◆ **Task requirements**:
Would you reproduce each of the records below precisely, with the pictures left out?

◆ **Material supplied**:
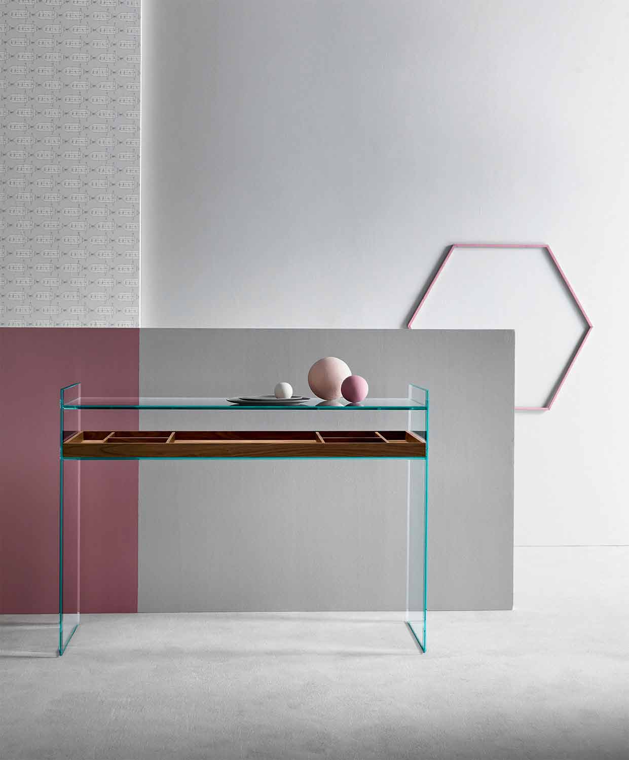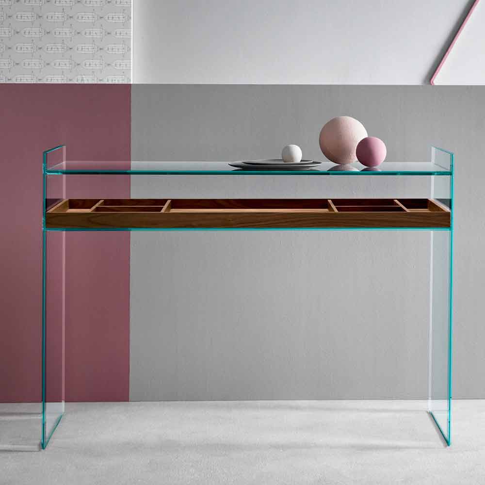 Modern consolle desk realized in Italy by hand in extraclear glass with tray in solid wood.
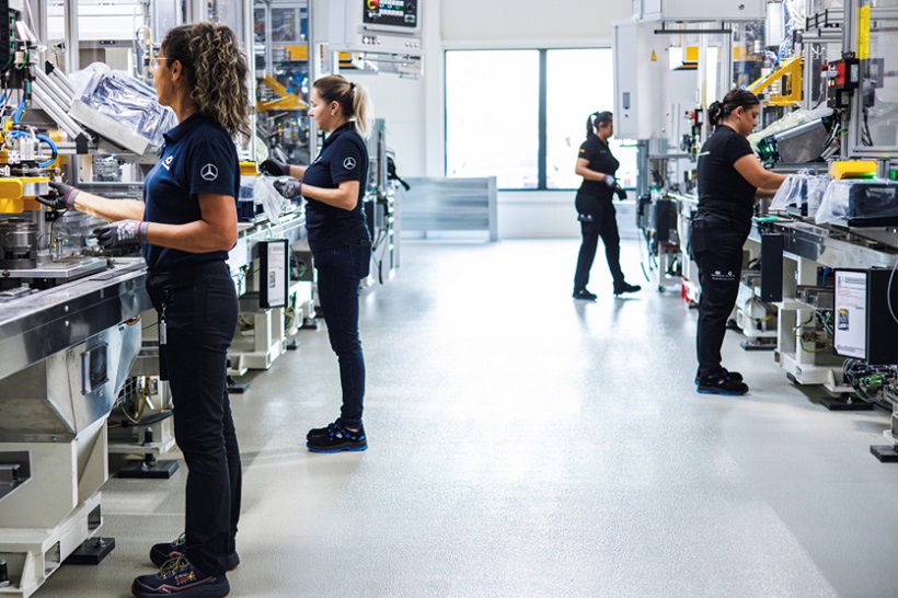 생산 라인은 약 1만5,000제곱미터에 걸쳐 있으며 길이는 약 1,000m, 그리고 200여 개가 넘는 수작업 및 자동화 공정으로 구성돼 있다. 신규 시설의 모든 작업은 세베슈 공장 내 다른 부서에서 재배치된 직원들로만 운영된다. 메르세데스-벤츠는 이들이 새로운 임무를 수행할 수 있도록 광범위한 자격 취득 및 재교육 프로그램을 지원하고 있다.
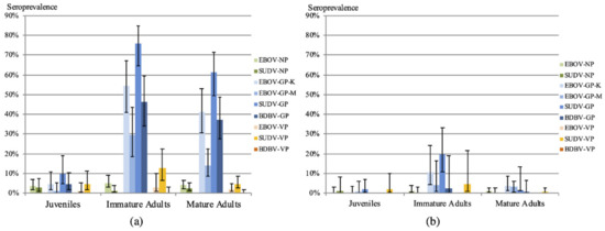 Percentage of bats per age category with antibodies to the different Ebolavirus antigens with less stringent cut-off (4 × standard deviation) (a); and stringent cut-off (statistical methods described in methods) (b) calculations. Bars correspond to the 95% confidence limits, corresponding p values comparing the antibody reactivities for each antigen among the different age categories are shown in Table 3.
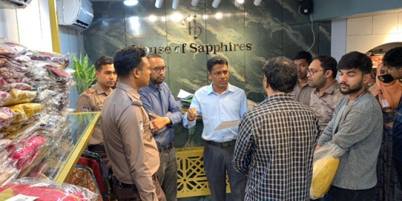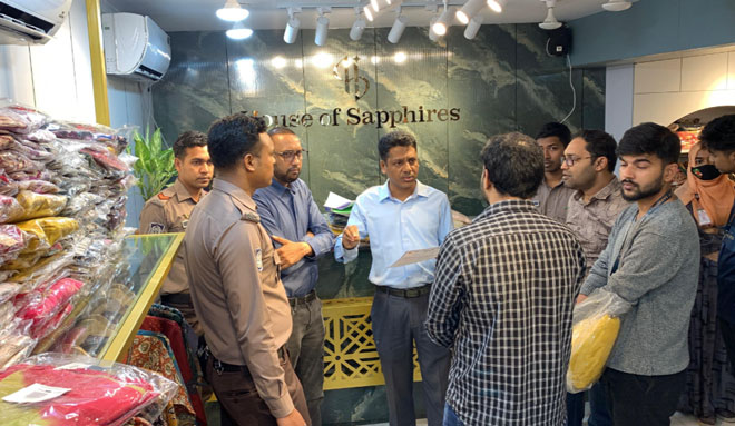 পাকিস্তানি পোশাক বলে মিথ্যা প্রচারণা এবং প্রাইস ট্যাগে কাটাকাটি করার অভিযোগে রাজশাহীর একটি পোশাকের শোরুমে অভিযান পরিচালনা করেছে জাতীয় ভোক্তা অধিকার সংরক্ষণ অধিদপ্তর। রোববার দুপুর ১২টায় রাজশাহীর সপুরা বিসিক শিল্পনগরীতে অবস্থিত ‘হাউজ অব শিপিয়ারর্স’ নামের শোরুমে এ অভিযান চালানো হয়। এ সময় আমদানির সঠিক তথ্য প্রদর্শন না করা এবং মূল্য তালিকায় বারবার কাটাকাটি করে বেশি দামে পণ্য বিক্রির প্রমাণ পাওয়ায় প্রতিষ্ঠানটিকে ১০ হাজার টাকা জরিমানা করা হয়। অভিযান পরিচালনা করেন জাতীয় ভোক্তা অধিকার সংরক্ষণ অধিদপ্তরের রাজশাহী বিভাগের উপপরিচালক মো. ইব্রাহীম। অভিযান শেষে তিনি জানান, পাকিস্তানি পোশাক না থাকলেও প্রতিষ্ঠানটি মিথ্যা প্রচারণা চালাচ্ছিল। ভোক্তাদের সঙ্গে প্রতারণার অভিযোগে সতর্কতামূলকভাবে ১০ হাজার টাকা জরিমানা করা হয়েছে। ভোক্তাদের স্বার্থ রক্ষায় এ ধরনের অভিযান ভবিষ্যতেও অব্যাহত থাকবে বলেও জানান তিনি।
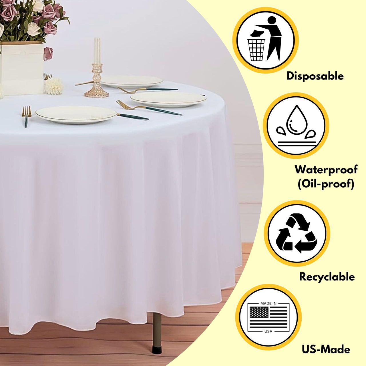 - Toalhas De Mesa Redondas Brancas Ecológicas: A Toalha De Mesa Redonda Descartável É Feita Tendo Em Mente O Seu Conforto, Bem Como A Segurança Do Nosso Meio Ambiente. Estas Toalhas De Mesa Redondas Brancas São Descartáveis E Feitas Inteiramente De Materiais Ecológicos Que São 100% Recicláveis!
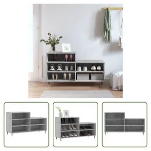 Półka na buty betonowa szara 102x36x60 cm materiał drewnopochodnyPrzechowuj swoje buty bez kurzu w tej eleganckiej szafce na buty, aby utrzymać porządek w swojej przestrzeni życiowej!Trwały materiał: Drewno inżynieryjne to materiał wyjątkowej jakości o gładkiej powierzchni, który charakteryzuje się wytrzymałością, stabilnością i odpornością na wilgoć. Wykonana z drewna konstrukcyjnego półka na buty jest łatwa w czyszczeniu. Dużo miejsca do przechowywania: Szafka na buty ma 5 przegródek, dzięki czemu oferuje dużo miejsca do przechowywania butów i innych przedmiotów.
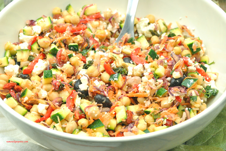 Mettre tous les ingrédients dans un saladier et mélanger. Conserver au frigo si la salade n’est pas dégustée de suite.

◆ **Response**:
 Modern consolle desk realized in Italy by hand in extraclear glass with tray in solid wood.
 생산 라인은 약 1만5,000제곱미터에 걸쳐 있으며 길이는 약 1,000m, 그리고 200여 개가 넘는 수작업 및 자동화 공정으로 구성돼 있다. 신규 시설의 모든 작업은 세베슈 공장 내 다른 부서에서 재배치된 직원들로만 운영된다. 메르세데스-벤츠는 이들이 새로운 임무를 수행할 수 있도록 광범위한 자격 취득 및 재교육 프로그램을 지원하고 있다.
 Percentage of bats per age category with antibodies to the different Ebolavirus antigens with less stringent cut-off (4 × standard deviation) (a); and stringent cut-off (statistical methods described in methods) (b) calculations. Bars correspond to the 95% confidence limits, corresponding p values comparing the antibody reactivities for each antigen among the different age categories are shown in Table 3.
 পাকিস্তানি পোশাক বলে মিথ্যা প্রচারণা এবং প্রাইস ট্যাগে কাটাকাটি করার অভিযোগে রাজশাহীর একটি পোশাকের শোরুমে অভিযান পরিচালনা করেছে জাতীয় ভোক্তা অধিকার সংরক্ষণ অধিদপ্তর। রোববার দুপুর ১২টায় রাজশাহীর সপুরা বিসিক শিল্পনগরীতে অবস্থিত ‘হাউজ অব শিপিয়ারর্স’ নামের শোরুমে এ অভিযান চালানো হয়। এ সময় আমদানির সঠিক তথ্য প্রদর্শন না করা এবং মূল্য তালিকায় বারবার কাটাকাটি করে বেশি দামে পণ্য বিক্রির প্রমাণ পাওয়ায় প্রতিষ্ঠানটিকে ১০ হাজার টাকা জরিমানা করা হয়। অভিযান পরিচালনা করেন জাতীয় ভোক্তা অধিকার সংরক্ষণ অধিদপ্তরের রাজশাহী বিভাগের উপপরিচালক মো. ইব্রাহীম। অভিযান শেষে তিনি জানান, পাকিস্তানি পোশাক না থাকলেও প্রতিষ্ঠানটি মিথ্যা প্রচারণা চালাচ্ছিল। ভোক্তাদের সঙ্গে প্রতারণার অভিযোগে সতর্কতামূলকভাবে ১০ হাজার টাকা জরিমানা করা হয়েছে। ভোক্তাদের স্বার্থ রক্ষায় এ ধরনের অভিযান ভবিষ্যতেও অব্যাহত থাকবে বলেও জানান তিনি।
 - Toalhas De Mesa Redondas Brancas Ecológicas: A Toalha De Mesa Redonda Descartável É Feita Tendo Em Mente O Seu Conforto, Bem Como A Segurança Do Nosso Meio Ambiente. Estas Toalhas De Mesa Redondas Brancas São Descartáveis E Feitas Inteiramente De Materiais Ecológicos Que São 100% Recicláveis!
 Półka na buty betonowa szara 102x36x60 cm materiał drewnopochodnyPrzechowuj swoje buty bez kurzu w tej eleganckiej szafce na buty, aby utrzymać porządek w swojej przestrzeni życiowej!Trwały materiał: Drewno inżynieryjne to materiał wyjątkowej jakości o gładkiej powierzchni, który charakteryzuje się wytrzymałością, stabilnością i odpornością na wilgoć. Wykonana z drewna konstrukcyjnego półka na buty jest łatwa w czyszczeniu. Dużo miejsca do przechowywania: Szafka na buty ma 5 przegródek, dzięki czemu oferuje dużo miejsca do przechowywania butów i innych przedmiotów.
 Mettre tous les ingrédients dans un saladier et mélanger. Conserver au frigo si la salade n’est pas dégustée de suite.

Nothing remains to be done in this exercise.